There is some small variability in the expression of both NRF2 and HIF-1α proteins in HEK293 UBXN7(−/−) during hypoxia but it is not statistically significant (Figure 4B, and 4C). This is clearly reflected in the expression of their target proteins HO-1 and GLUT1 (Figure 4B, and 4C). The results of these experiments suggest that the UBXN7 cofactor protein is very important in the physiological expression pattern of both NRF2 and HIF-1α during hypoxia as well as in the proposed reciprocal regulation of these two proteins.

3.5. UBXN7 affects the DMF-induced activation of NRF2.

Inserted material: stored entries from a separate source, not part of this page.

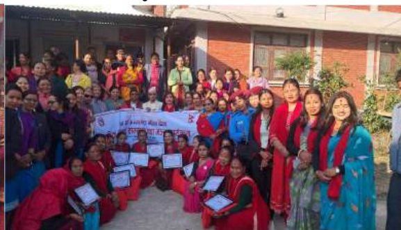
अन्तराष्ट्रिय महिला दिवस
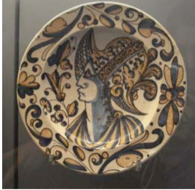
Görsel 2. 17. yy. Üç renkli (tricolor) mayolika örnekleri, Madrid Dekoratif Sanatlar Müzesi, Talavera Bölümü
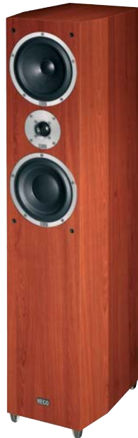
METAS 500 -Kirsche/cherry-
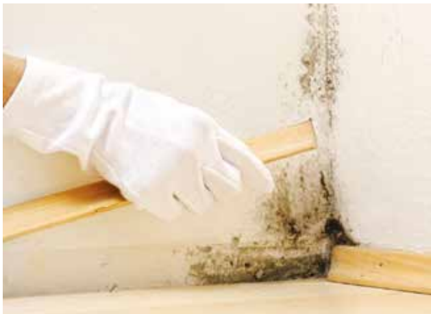
Parfois bien visibles, les moisissures peuvent aussi être cachées derrière une plinthe par exemple.

On peut également observer dans les logements humides une dégradation des colles des panneaux de particules (meubles...) avec dégagement de COV (par exemple le formaldéhyde).
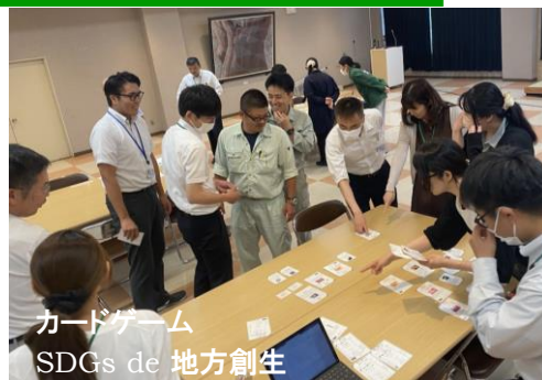
カードゲーム SDGs de 地方創生

他課からの企画提案に自課のスキルを掛け合わせることでさらに改善できないか等を検討し、実施可能な事業を推進本部へ提案する。
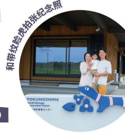
透过宽大的落地窗，享受环抱世界遗产的美丽山景。
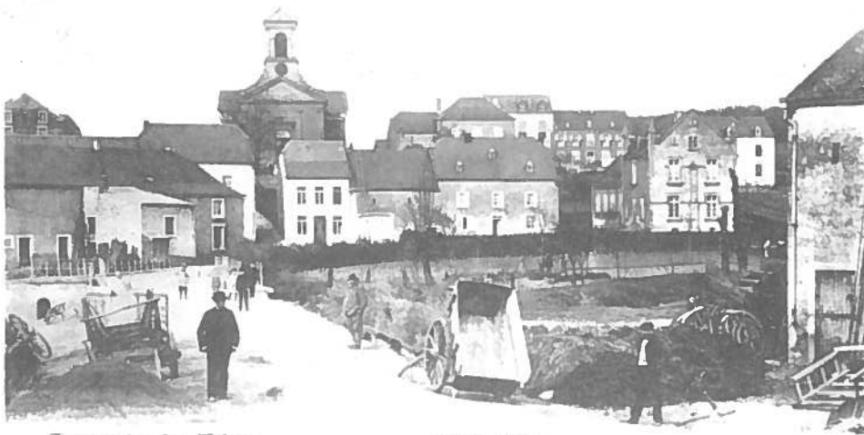
Souvenir de Arelus.

We further investigated whether the function of CRL3KEAP1 and CRL2VHL complexes is solely affected by the UBXN7 protein level. HEK293 WT and HEK293 UBXN7(−/−) cells were treated with increasing concentrations dimethyl fumarate (DMF), the methyl ester of fumaric acid. DMF is a known activator of NRF2 that modifies KEAP1’s cysteine residues and inhibits its function [34, 35]. Figures 5A and 5B show a robust increase in the NRF2 protein level with increasing concentration of DMF in HEK293 WT cells. The same treatment did not affect the expression of HIF-1α, UBXN7, MUL1, or KEAP1 proteins. Basal level of NRF2 in HEK293 UBXN7(−/−) cells is higher than in HEK293 WT cells. DMF treatment increases the NRF2 protein level in both HEK293 UBXN7(−/−) and HEK293 WT cells in a similar manner. The level of HIF-1α in absence of UBXN7 is lower compared to HEK293 WT cells and it is not regulated by DMF; while MUL1 and KEAP1 protein levels remain unchanged in both HEK293 WT and HEK293 UBXN7(−/−). We also used HEK293 MUL1(−/−) cells that express high levels of UBXN7 and HIF-1α. Figures 5C and 5D show that the absence of MUL1 protein leads to a dramatic suppression of NRF2 and its induction by DMF treatment. The HIF-1α protein level slightly deceases with DMF treatment, especially at the high concentration of 80 μM. UBXN7 and KEAP1 protein levels remain unchanged in both HEK293 WT and HEK293 MUL1(−/−). These results strongly suggest that high levels of UBXN7 protein suppress the activation of NRF2 by DMF. We also used a different NRF2 activator, the tert-butylhydroquinone (TBHQ) in similar experiments. These results also closely follow the ones obtained with DMF (results not shown).

Figure 5.

Figure 5.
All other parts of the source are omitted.